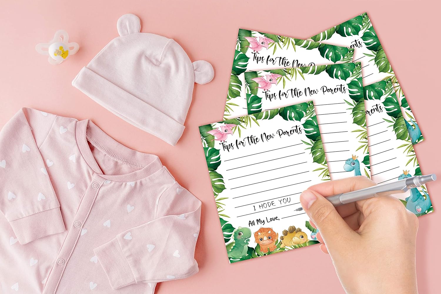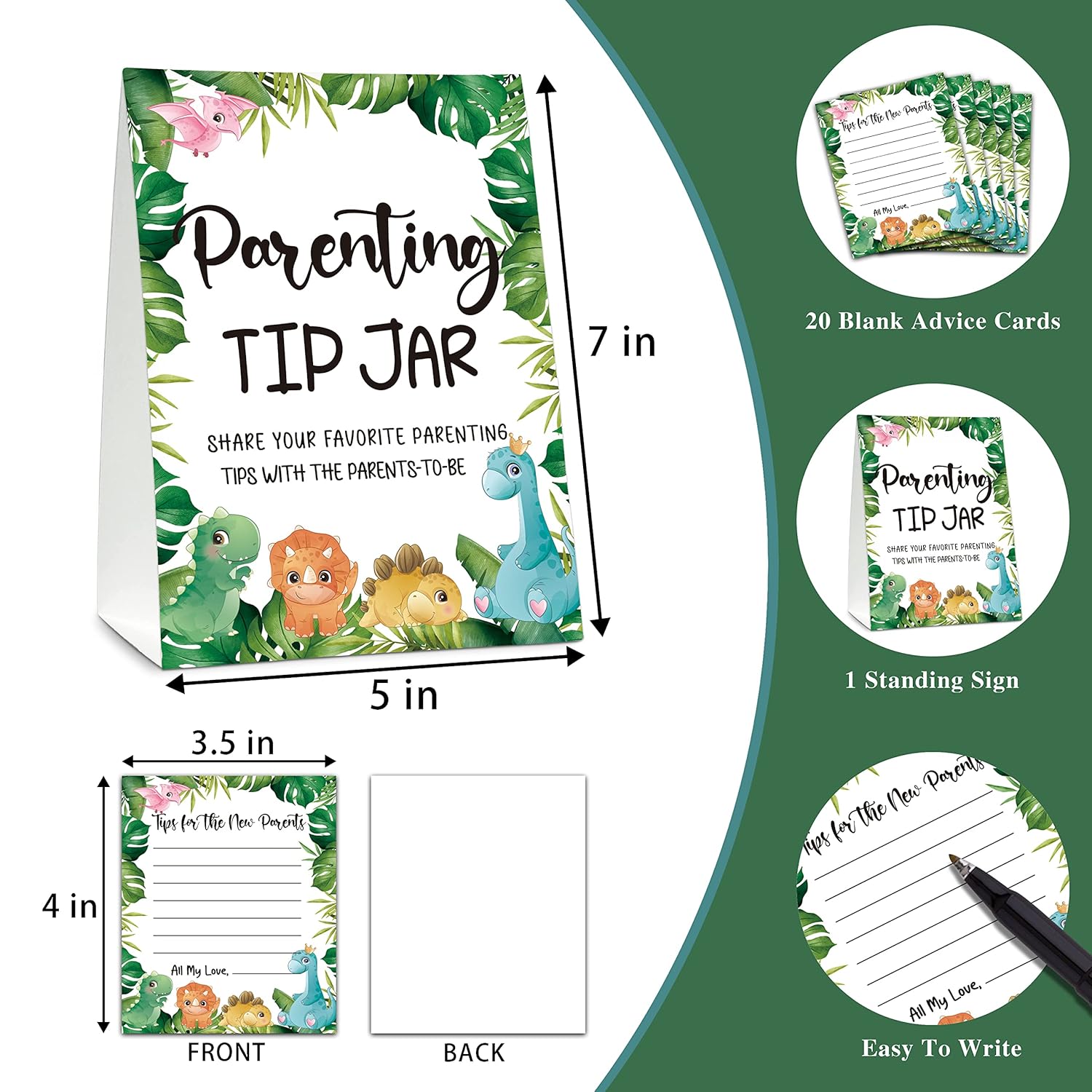Baby Shower Game Set, Parenting Tip Jar Party Games(1 Standing Sign + 20 Advice Cards), Safari Jungle Blank Advice Cards for New Parents, Dinosaur Baby Shower/Gender Reveal Party Favor Decor(A04)
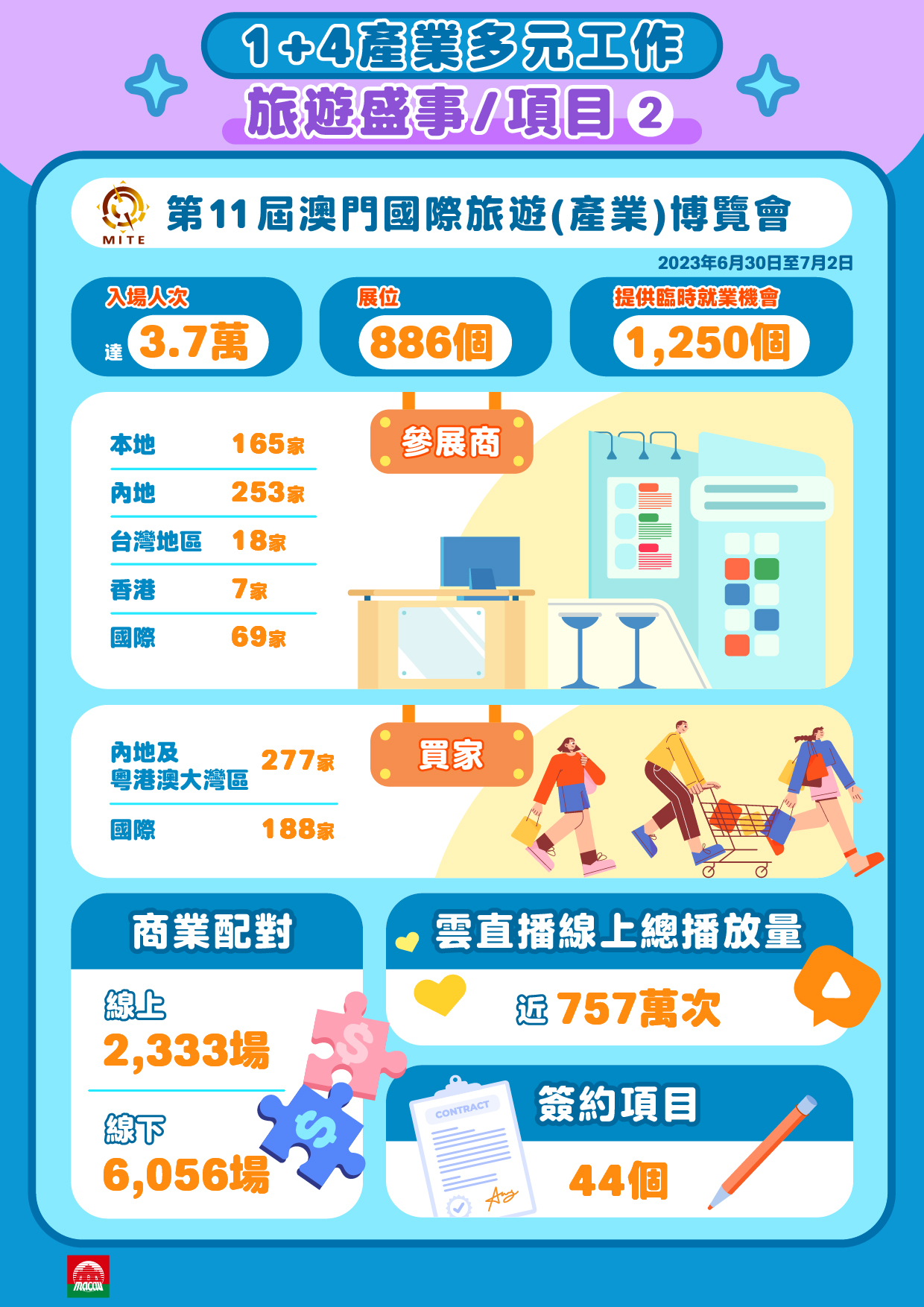 澳門國際旅遊(產業)博覽會(“旅博會”)助力旅遊及相關業界拓展商機,促進旅遊經濟。今年第11屆旅博會貫徹“1+4”適度多元發展策略,首設“1+4”展館,打造“旅遊+”合作新平台。今屆匯聚世界各地業者現場交流洽商,展位、參展商及特邀買家數目為歷屆最多。三天展會共吸引達3.7萬人次觀眾入場,雲直播線上總播放量近757萬次,線上線下商業配對合計超過8,300場,期間促成了44個簽約項目。
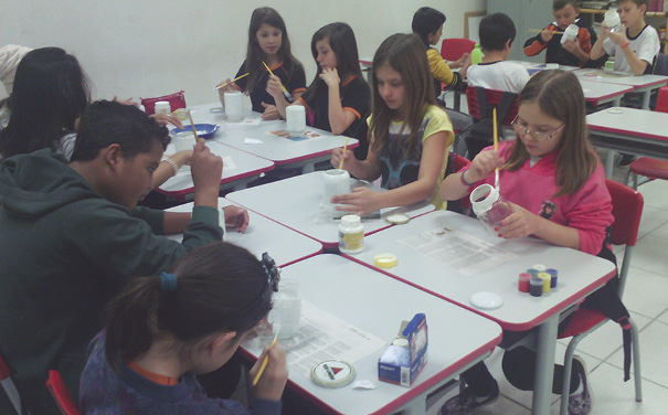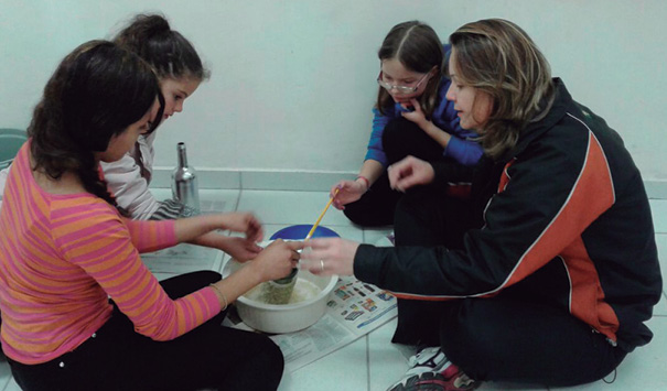 Palestra com a bióloga Ângela. Aula expositiva com o professor Tel sobre vidros e seu corte. Visita à ACOMAR e Escola Alice Santana Pinto – modalidade educação especial para visualização das oficinas realizadas com vidros.

----------

Your task
Wherever a picture appears in the data, please drop it and retype the rest exactly.

Result of this task
Baby Shower Game Set, Parenting Tip Jar Party Games(1 Standing Sign + 20 Advice Cards), Safari Jungle Blank Advice Cards for New Parents, Dinosaur Baby Shower/Gender Reveal Party Favor Decor(A04)
 澳門國際旅遊(產業)博覽會(“旅博會”)助力旅遊及相關業界拓展商機,促進旅遊經濟。今年第11屆旅博會貫徹“1+4”適度多元發展策略,首設“1+4”展館,打造“旅遊+”合作新平台。今屆匯聚世界各地業者現場交流洽商,展位、參展商及特邀買家數目為歷屆最多。三天展會共吸引達3.7萬人次觀眾入場,雲直播線上總播放量近757萬次,線上線下商業配對合計超過8,300場,期間促成了44個簽約項目。
 Palestra com a bióloga Ângela. Aula expositiva com o professor Tel sobre vidros e seu corte. Visita à ACOMAR e Escola Alice Santana Pinto – modalidade educação especial para visualização das oficinas realizadas com vidros.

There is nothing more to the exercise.